As Retirement Plans Vanish, Older Hispanics Face Poverty

Colombian Ruby Ruiz, in Queens (Photo by Mariela Lombard via El Diario)

At least three of every five Latino older adults in New York are extremely likely to live in poverty or financial hardship, mainly because they did not plan for their retirement (…).

Those were the findings revealed in a report recently published by AARP New York, which states that, of the 2 million workers between the ages of 50 and 60 living in New York, 41 percent are headed toward poverty. In Hispanic and African American communities, inequality is projected to be even worse.

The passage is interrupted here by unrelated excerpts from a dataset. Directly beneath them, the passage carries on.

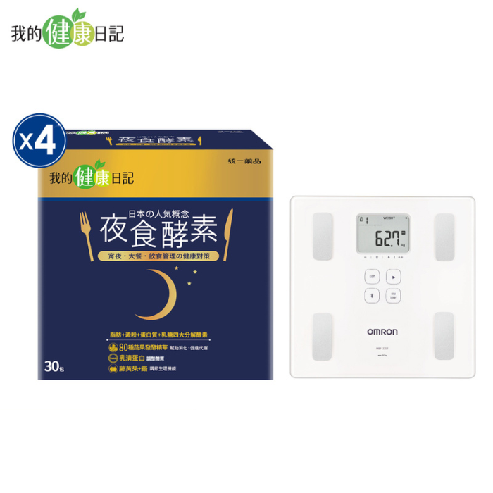 【超值特惠組】日記夜食酵素四盒X歐姆龍HBF222T藍牙體脂計輕鬆掌握健康關鍵原價$6140特價$4659
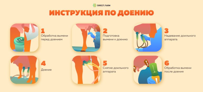 Доение считается стандартной процедурой, которая обеспечивает полное и качественное выдаивание каждый день. Если корову доят постоянно и в одно и то же время, то у животного раскрывается генетический потенциал продуктивности и минимизируются проблемы с выменем. При этом очень важно соблюдать основные правила обработки вымени и работы с доильным оборудованием:
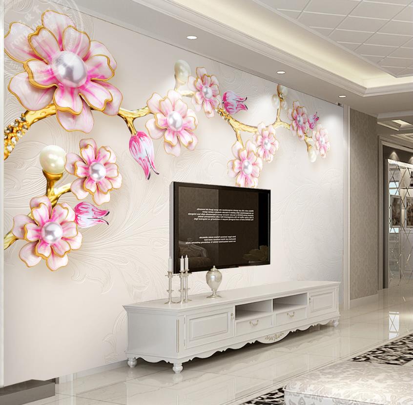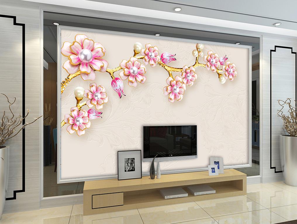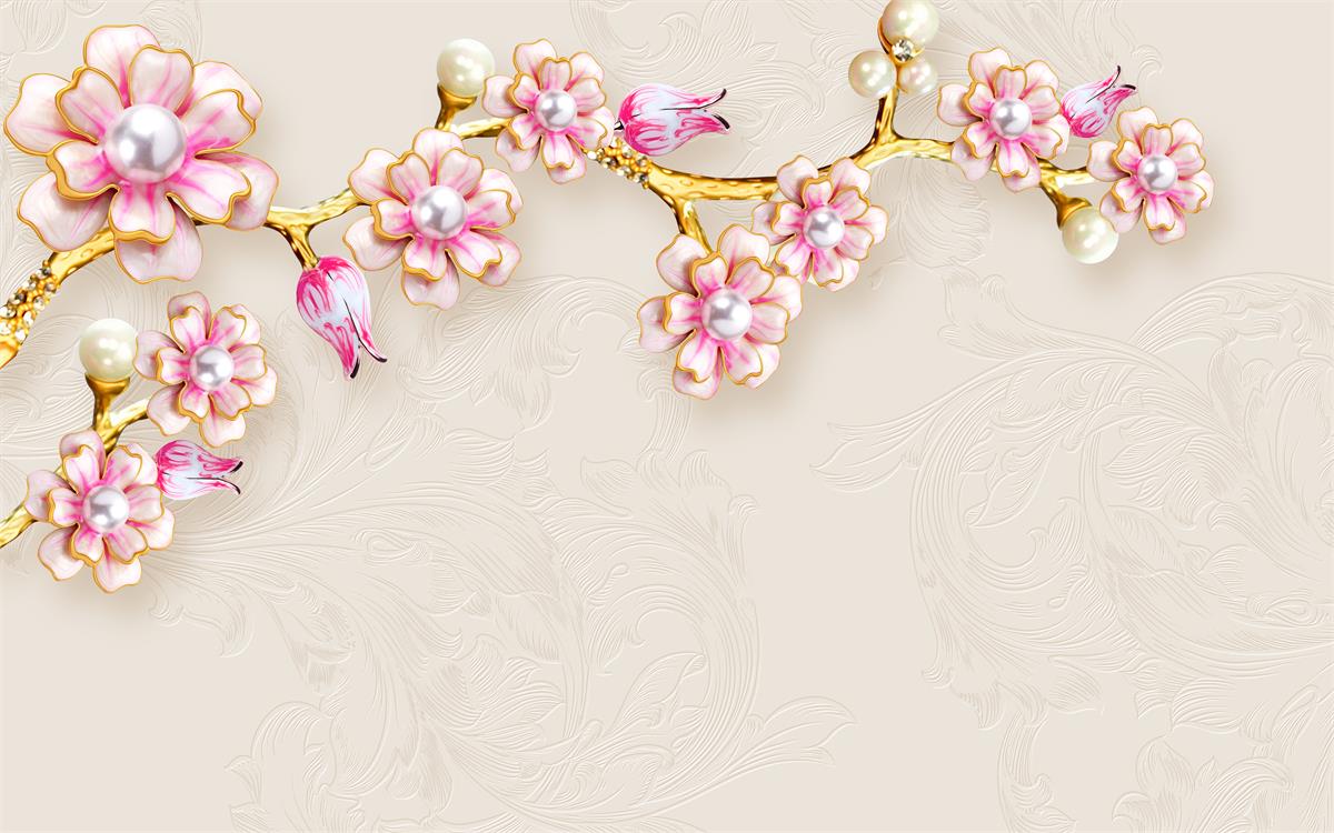 شاخه طلایی با شکوفه های صورتی مرواریدی
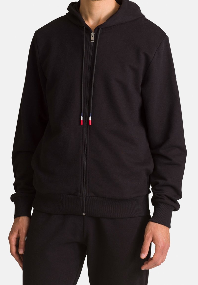 Homme portant un sweat à capuche noir zippé avec des cordons de serrage aux extrémités rouges, blanches et bleues, assorti à un pantalon noir.
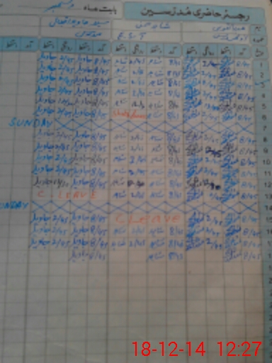| CNIC | Full Name | Designation | R/C | Absence During Last Calender Month |
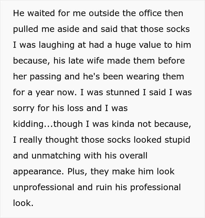 The entire room turned to look at his socks and roared with laughter, leading to an undeniably awkward atmosphere afterward. The colleague, embarrassed but composed, went back to business. After the meeting, the colleague waited outside and pulled the OP aside, revealing that the socks were hand-knit by his late wife before her passing.
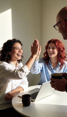 Joyful team of diverse colleagues celebrating a successful project. Two women give a high five over a laptop while a man smiles, showing teamwork and achievement in a modern workplace.
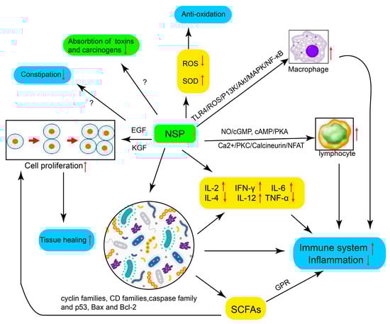 Although great efforts have been made to study the pathogenesis of IBD, its precise etiology still remains unrevealed and is generally believed to be associated with multiple elements, including genetic background, environment, microorganism, and immunity []. The interaction among the disorder of the microbial constitution, the intestinal mucosal barrier, and the mucosal immune system are believed to play a vital role in the pathologic process of IBD. We summarized the possible molecular mechanisms of NSPs affecting the maintenance and recovery of IBD in the following Figure 2 and Figure 3.
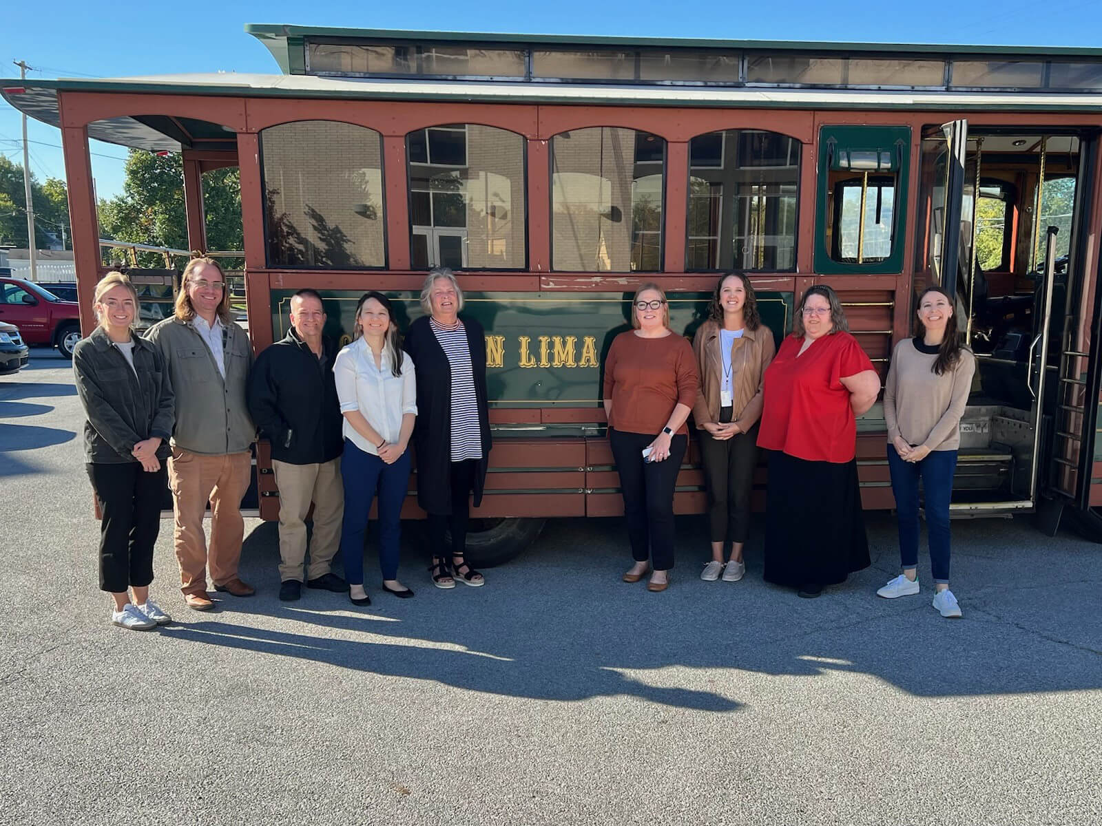 Representatives from the Lima TCP team gather for a group photo in October 2024. From left to right: Jackie Lombardi (RMI), Ian Kohli (City of Lima), Dave Louth (City of Lima), Christi Nakajima (ACEEE), Karen Garland (RTA), Megan Kinnear (Lima-Allen County Regional Planning Commission), Jessica Begonia (City of Lima), Tonya Dye (Lima-Allen County Regional Planning Commission), and Caroline Daigle (ACEEE).

“Nearly a million middle-class workers in New York State will have to learn to be poor because they will not have a retirement plan beyond social security,” said Theresa Ghilarducci, economics professor and director of the New School’s Retirement Equity Lab program, which created the report entitled “The Retirement Crisis in New York.” (…)

“We knew that retirement-related problems would arise as more employers stopped offering retirement plans, but this report is a disturbing revelation, particularly for the state’s residents of color,” said Beth Finkel, state director of AARP New York. (…)

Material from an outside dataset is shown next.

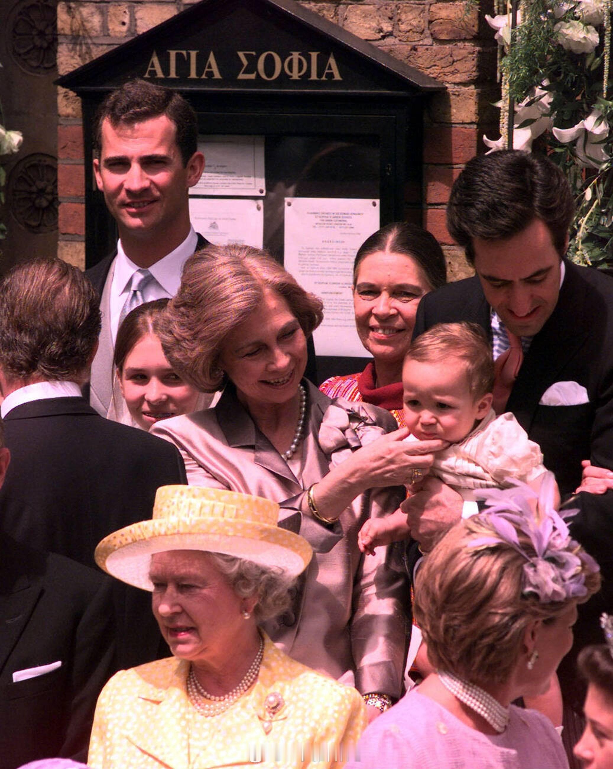 英国王室 1999年7月9日,伊丽莎白二世女王在伦敦的希腊东正教圣索菲亚大教堂参加希腊丹麦的艾莉希亚公主和Carlos Morales Quintana的婚礼💒艾莉希亚公主是希腊末代国王康斯坦丁二世和安妮玛丽王后的大女儿。

The report also highlights that increasingly fewer Hispanic workers have access to savings options in their workplace compared to white workers. In the case of Hispanics, only 34 percent of jobs offer retirement options, the same as among Asians. Among white workers, the figure is 46 percent, and 42 percent among black workers. (…)

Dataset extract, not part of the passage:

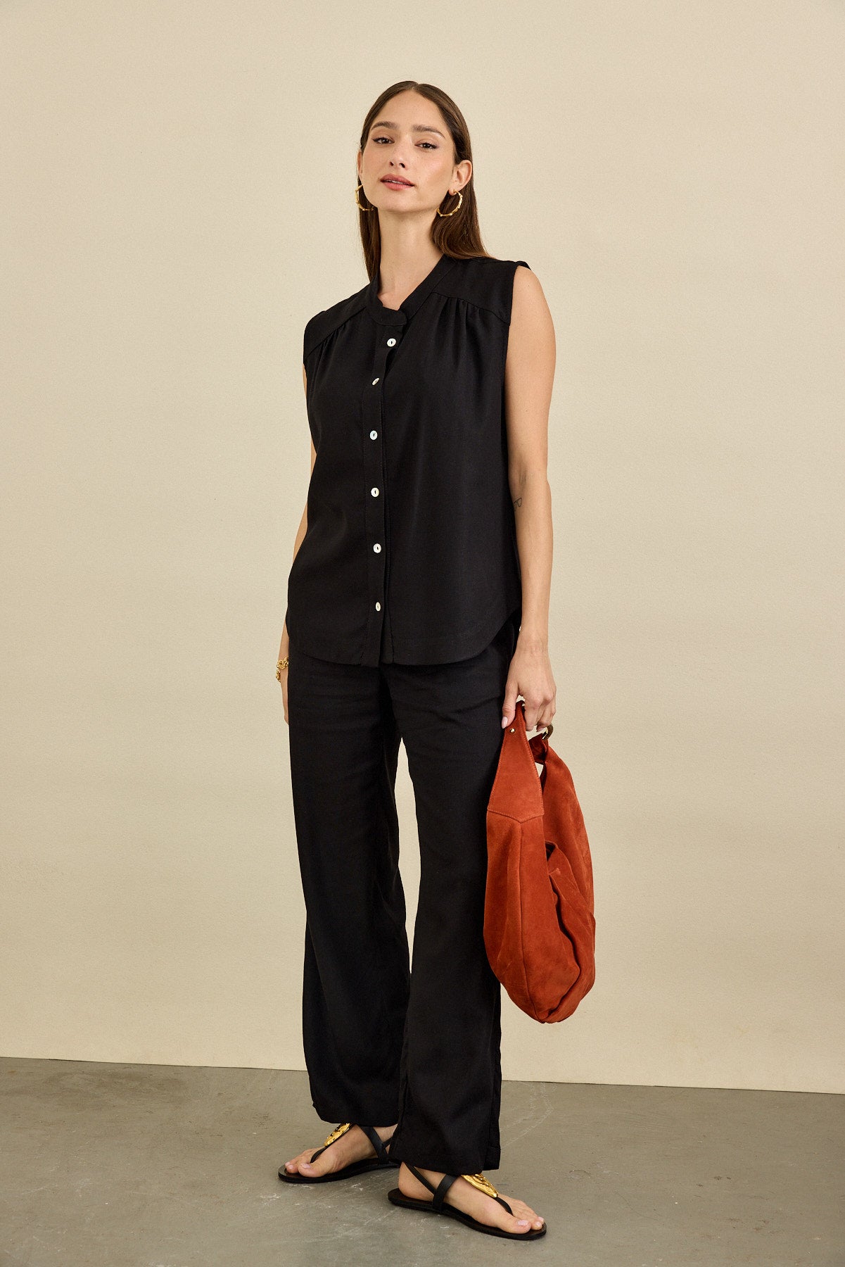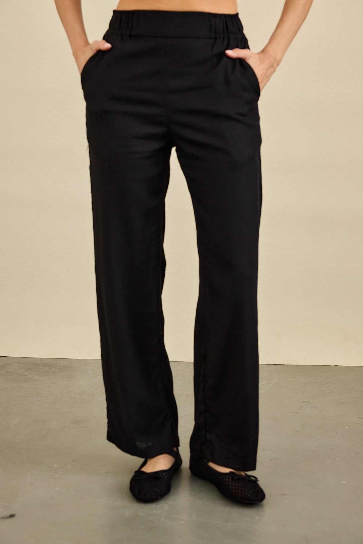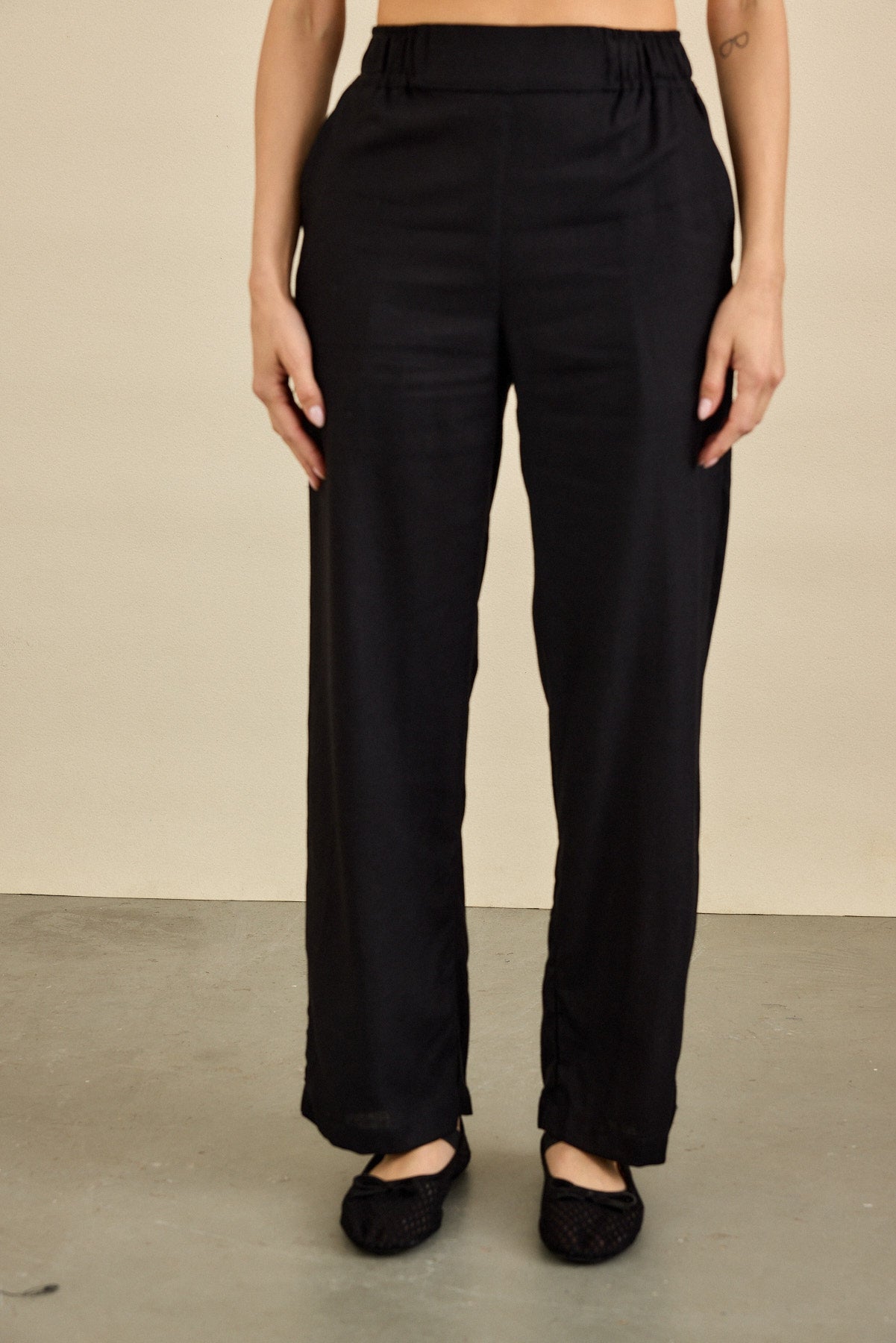 מכנסיים נוחות, בגזרה משוחררת, עם מותן גבוהה .

At 65, Colombian immigrant Ruby Ruiz is one of the faces of that life of poverty the report describes. Ruiz, who lives alone in a room in Queens, does not only admit that she did not save enough in the past, but that she never even thought of taking a retirement plan.

“When I was young, everything I earned went to helping my mom. I did not want her to lack anything and, honestly, I never imagined that my God would keep me alive this long and I did not prepare. Now, I am suffering, because I never imagined things would be this hard for me,” she said.

“At the age I am, moving from one home to the next is not easy. I continue working in whatever is available: cleaning, caring for children; I have even had to use a shovel in order to eat or pay the rent,” Ruiz added. The Cali native remembers volunteering in a senior home in her country when she was young, and now she fears that she will have a similar future.

“I do not like to bother anyone and although, thank God, I am still healthy and have no ailments, I know that I am not just going to stay like a pretty flower forever, so I have been looking into the Mother Teresa of Calcutta Home in the Bronx, so I can go there when I am not strong enough until it’s God’s will,” said the grandmother. (…)

“I tell my two children, who are still young: You need to save and plan things for the future. You think you will never grow old and, look at me now; people look at you as if you were a burden, as if you smelled bad. In the last house where I was renting a room they even called me witch, just because I stayed indoors due to depression.”

(…) Cuban-born Alexandra Mayón, 72, who receives pension benefits totaling less than $19,000 per year, regrets not having taken more responsibility about her future.

“The worst part is not growing old but growing old poor and alone. Your skin gets all wrinkled, and you even get used to that but, without money, you end up in a room like me, sick, and not knowing if I will have enough to eat tomorrow or to pay the rent, or if I will have to move to a shelter and die like a dog,” said the former dance teacher, who asked the state and the city not to abandon its elderly. “They need to help us, give us more income programs, because we have contributed a lot to this country.”

This year, in an attempt to improve the prospect of retirement protections, Gov. Andrew Cuomo and the State Legislature approved the Secure Choice program, which will offer private companies currently not offering retirement plans the option to provide employees with individual retirement accounts in which an amount could be deducted from their paycheck.

Council member Rafael Espinal (…) said that, in addition to retirement plans, local authorities should also help seniors with housing and food.

“This is a situation we must correct. The city needs to plan how it is going to use affordable housing projects for seniors. And the City Council needs to continue helping community organizations working with seniors,” said Espinal.

If the outlook is worrying for older adults retiring with social security, things look much worse for those who are undocumented.

“My situation is even more unfair because I have worked very hard here, I have paid taxes, and I do not even have a right to a small pension. I will have no choice but to return to Peru next year and live there as a boarder in my own children’s house,” said María Céspedes, 61.